_Problem to solve_:
From the first line to the last, set down the material exactly and drop every picture.

_Entries shown_:
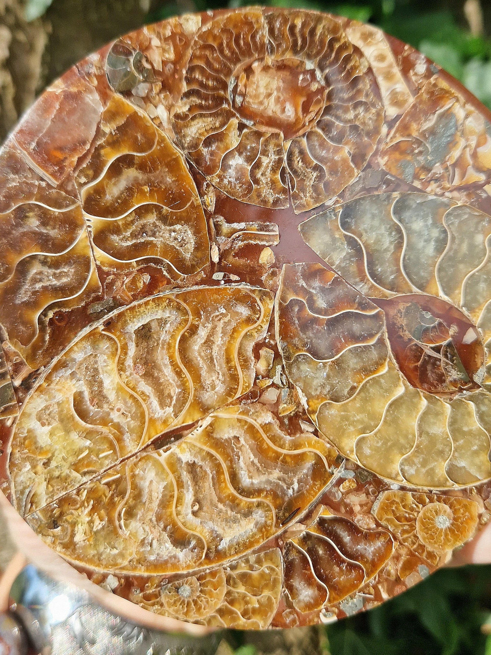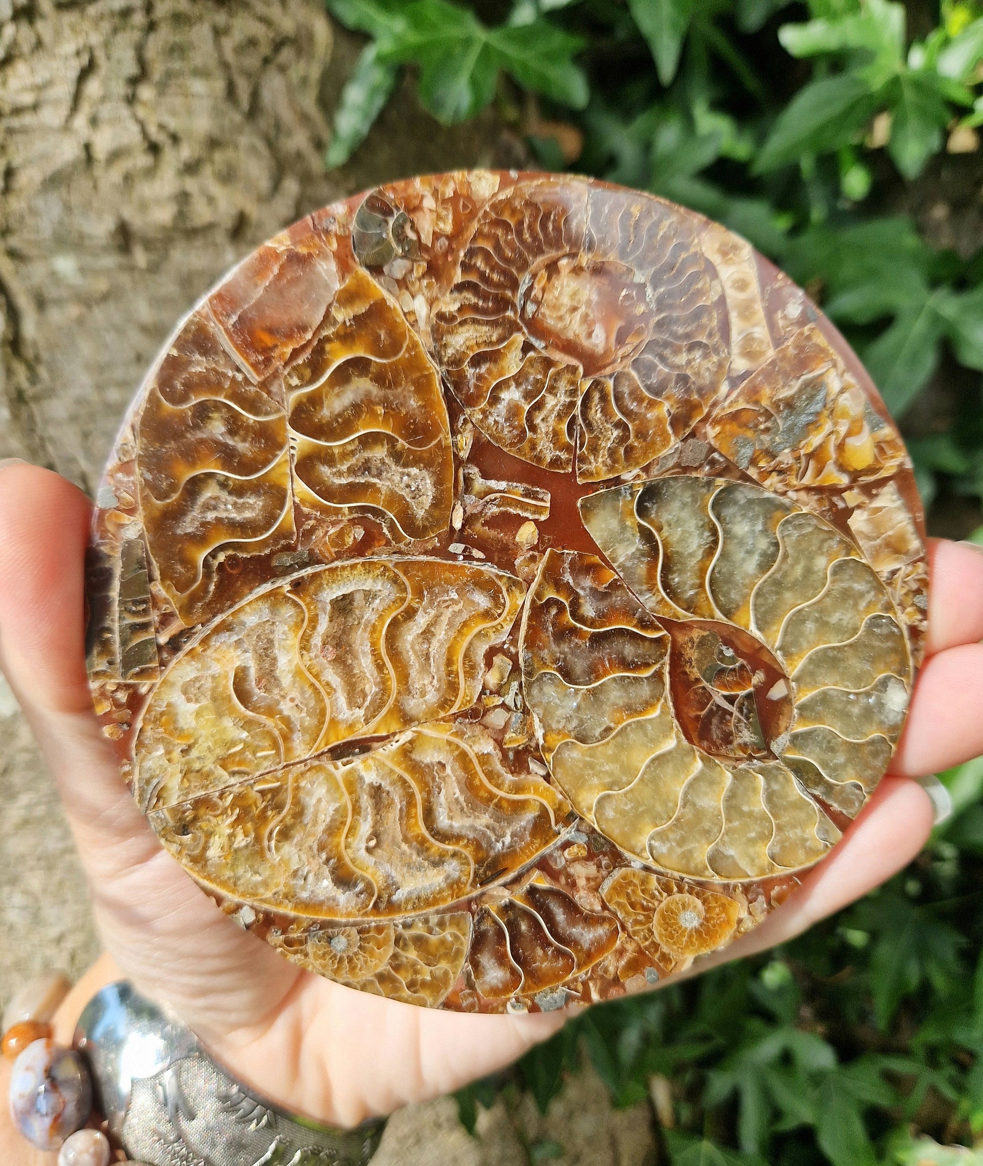 beautiful ammonite fossil slab coaster ornament. Large ammonite fossil. premium quality. Collector. Geology gift
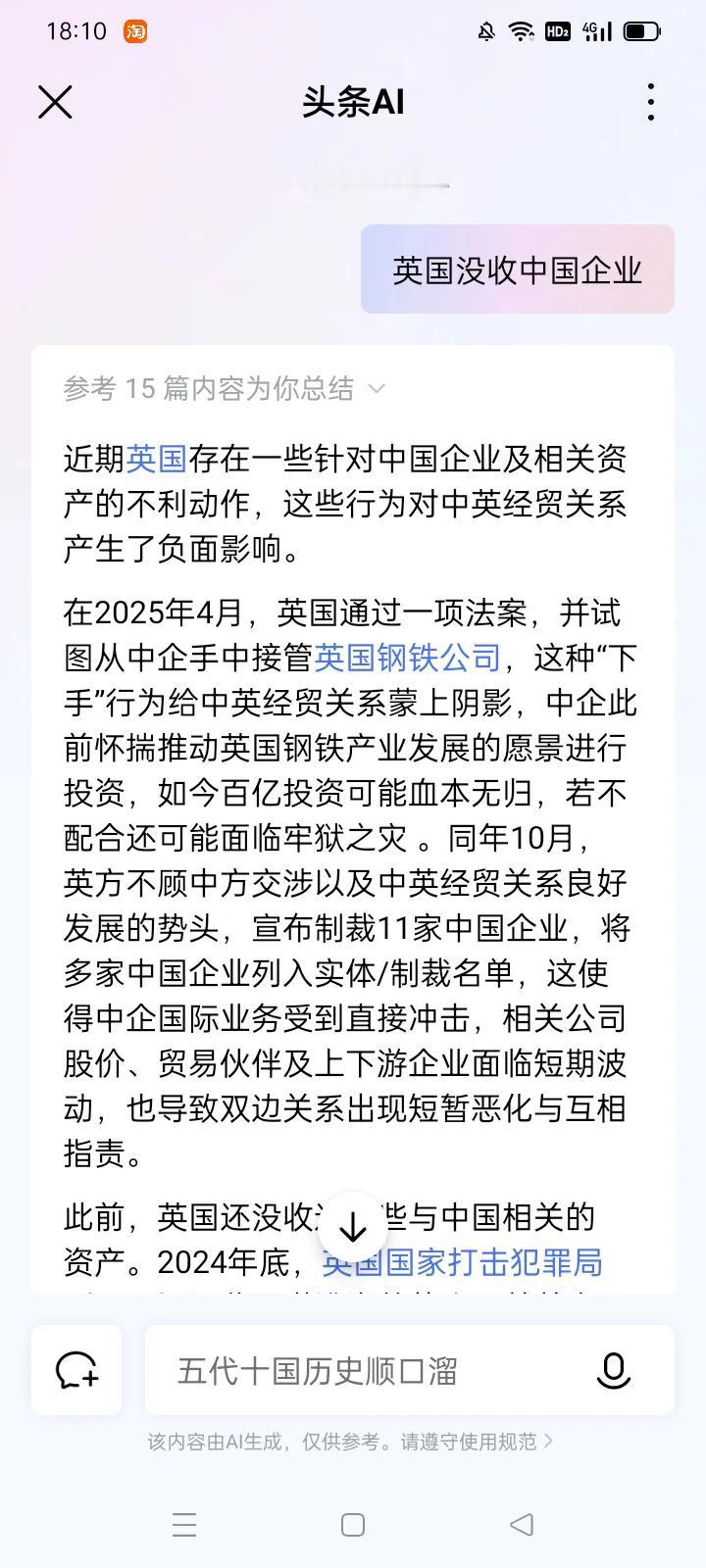 英国不能一边发中国的财,一边砸中国的锅! *特朗普的关税贸易大棒,让英国很受伤。再加上经济科技衰退,英国人有点饿了。于是又两眼放光地瞄准了中国! 其实英国与美国是‘一个愿打一个愿挨’,英国也不穷,因为它购买了近9000亿美元美国国债。 斯塔默直言不讳地说‘英国需要从中国获得经济利益’。他带来了空客飞机 汇丰及渣打银行 制药公司 捷豹路虎等等高管,要在中国扩大深入发掘经济利益。 *中国的和平共处五项原则要求互相尊重领土主权和平等互利! 但是英国却一再侵犯中国的主权和经济发展权益! 1英国配合美国和欧盟,屡次干涉台湾问题,支持反中乱港分子、破坏香港繁荣稳定…… 2英国利用国家暴力,强制要求中国企业出卖持有的英国某个芯片公司80%多的股权! 又强迫闻泰科技子公司安世半导体持有的英国另一家芯片企业86%以上的股权! 英国政府还要几乎没收中国企业投资了上百亿美元扭亏为盈的英国钢铁公司! 而这三个强取豪夺的事件,英国官方的借口都是所谓的‘保护国家安全’! 同时英国政府还违法制裁了数十家中企,严重侵犯了中国的经济权益。 *英国的服务贸易也在中国大发横财。 比如汇丰银行 渣打银行拥有发行港币的权利,现在这两家银行的股价如日中天,富得流油。 目前中国有15万多留学生在英国,英国这两年已经大幅度提高了针对外国人的学费、来补贴本国学生。 *我觉得我们应该要求英国明确答应它从中国发财的几个前提条件: 一、英国必须承认中国拥有使用一切必要手段统一台湾省的权利! 二、英国不能损害投资英国的中国企业的正当权益。 三、英国保证不干涉中国内政。
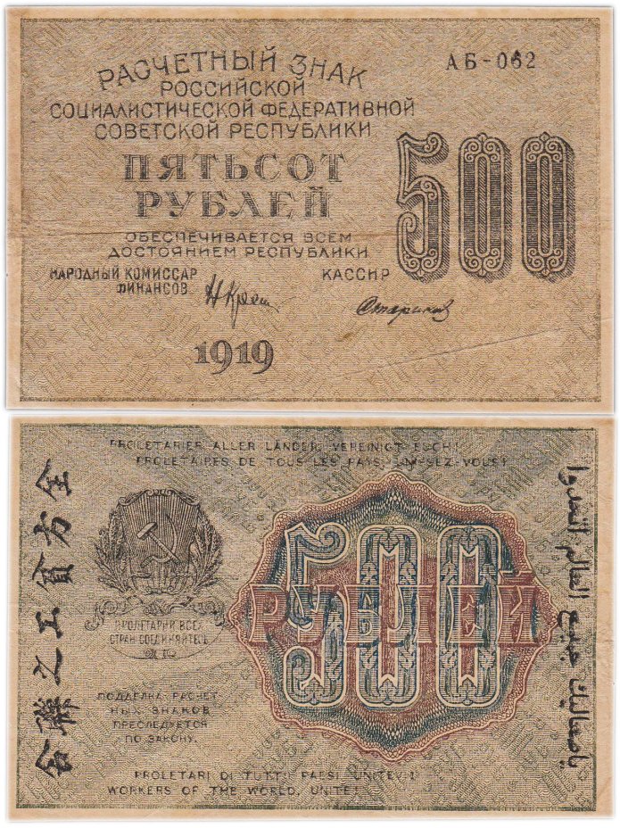500 рублей 1919 кассир Стариков, водяной знак "Связанные (толстые) везды" Пензенская фабрика ГОЗНАК
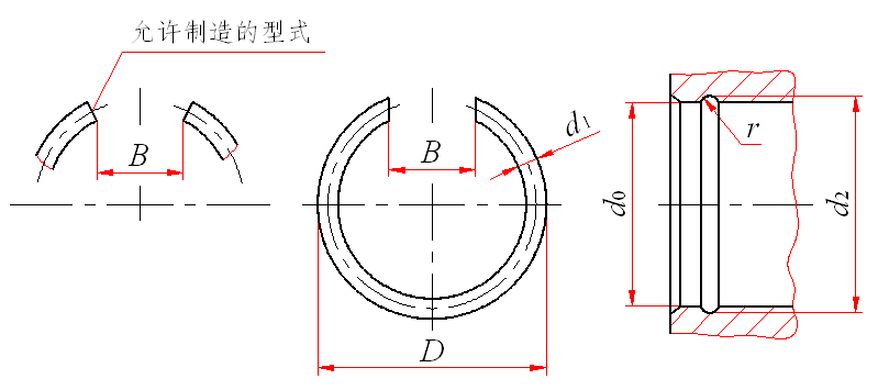 标记示例: 孔径d0=40mm、材料为碳素弹簧钢丝,经低温回火及表面氧化处理的孔用钢丝挡圈的标记: 挡圈 GB/T 895.1 40 |
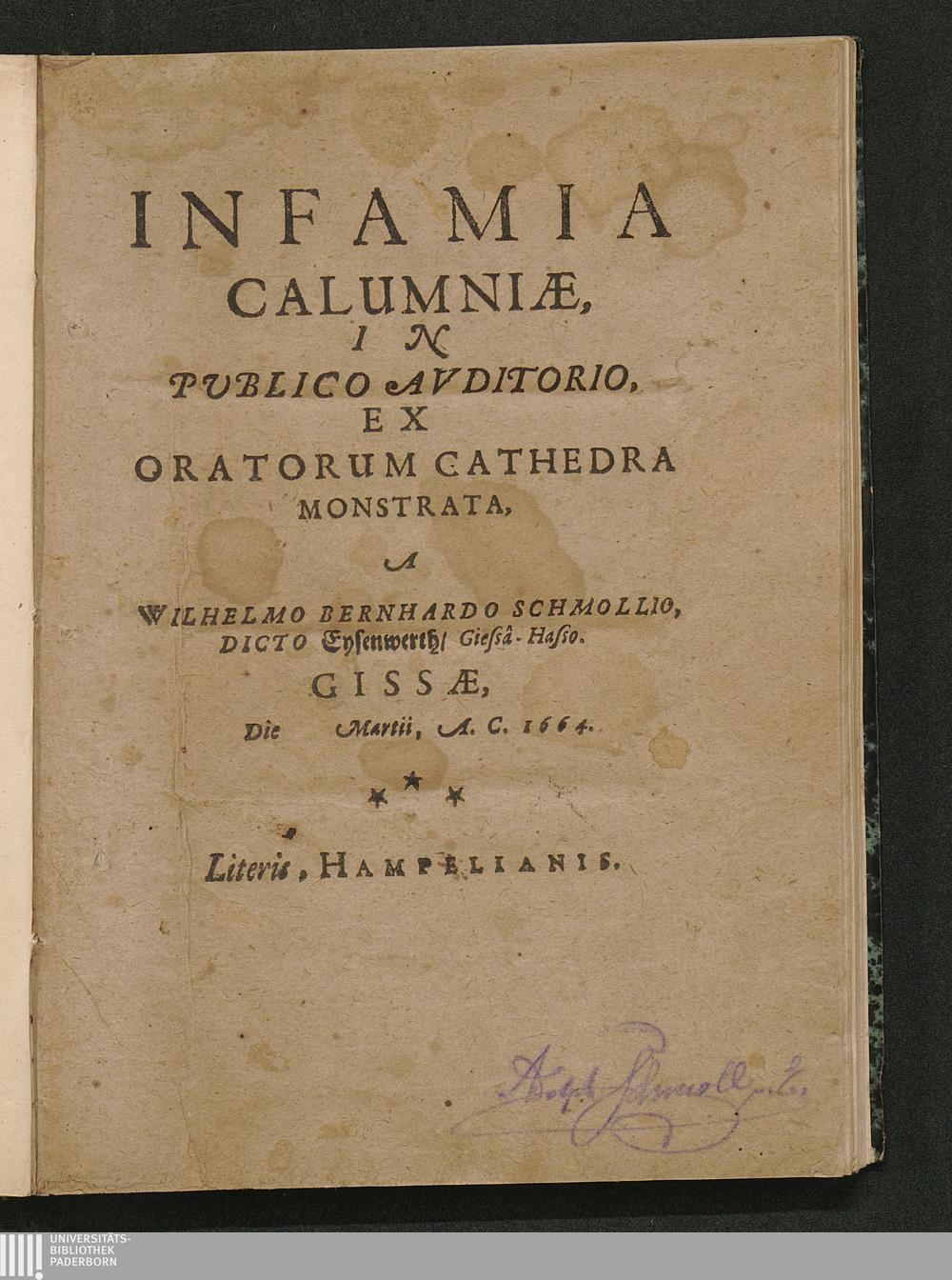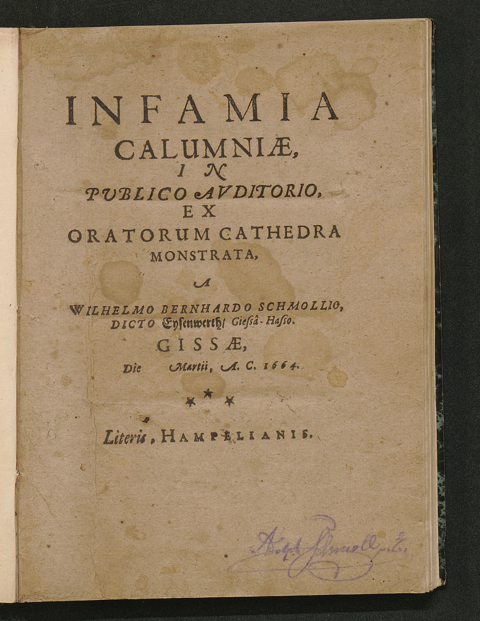 Infamia Calumniæ / In Publico Avditorio, Ex Oratorum Cathedra Monstrata, A Wilhelmo Bernhardo Schmollio, Dicto Eysenwerth/ Giessâ-Hasso. Gissæ, Die [...] Martii, A. C. 1664.

_Problem solution_:
 beautiful ammonite fossil slab coaster ornament. Large ammonite fossil. premium quality. Collector. Geology gift
 英国不能一边发中国的财,一边砸中国的锅! *特朗普的关税贸易大棒,让英国很受伤。再加上经济科技衰退,英国人有点饿了。于是又两眼放光地瞄准了中国! 其实英国与美国是‘一个愿打一个愿挨’,英国也不穷,因为它购买了近9000亿美元美国国债。 斯塔默直言不讳地说‘英国需要从中国获得经济利益’。他带来了空客飞机 汇丰及渣打银行 制药公司 捷豹路虎等等高管,要在中国扩大深入发掘经济利益。 *中国的和平共处五项原则要求互相尊重领土主权和平等互利! 但是英国却一再侵犯中国的主权和经济发展权益! 1英国配合美国和欧盟,屡次干涉台湾问题,支持反中乱港分子、破坏香港繁荣稳定…… 2英国利用国家暴力,强制要求中国企业出卖持有的英国某个芯片公司80%多的股权! 又强迫闻泰科技子公司安世半导体持有的英国另一家芯片企业86%以上的股权! 英国政府还要几乎没收中国企业投资了上百亿美元扭亏为盈的英国钢铁公司! 而这三个强取豪夺的事件,英国官方的借口都是所谓的‘保护国家安全’! 同时英国政府还违法制裁了数十家中企,严重侵犯了中国的经济权益。 *英国的服务贸易也在中国大发横财。 比如汇丰银行 渣打银行拥有发行港币的权利,现在这两家银行的股价如日中天,富得流油。 目前中国有15万多留学生在英国,英国这两年已经大幅度提高了针对外国人的学费、来补贴本国学生。 *我觉得我们应该要求英国明确答应它从中国发财的几个前提条件: 一、英国必须承认中国拥有使用一切必要手段统一台湾省的权利! 二、英国不能损害投资英国的中国企业的正当权益。 三、英国保证不干涉中国内政。
500 рублей 1919 кассир Стариков, водяной знак "Связанные (толстые) везды" Пензенская фабрика ГОЗНАК
 标记示例: 孔径d0=40mm、材料为碳素弹簧钢丝,经低温回火及表面氧化处理的孔用钢丝挡圈的标记: 挡圈 GB/T 895.1 40 |
 Infamia Calumniæ / In Publico Avditorio, Ex Oratorum Cathedra Monstrata, A Wilhelmo Bernhardo Schmollio, Dicto Eysenwerth/ Giessâ-Hasso. Gissæ, Die [...] Martii, A. C. 1664.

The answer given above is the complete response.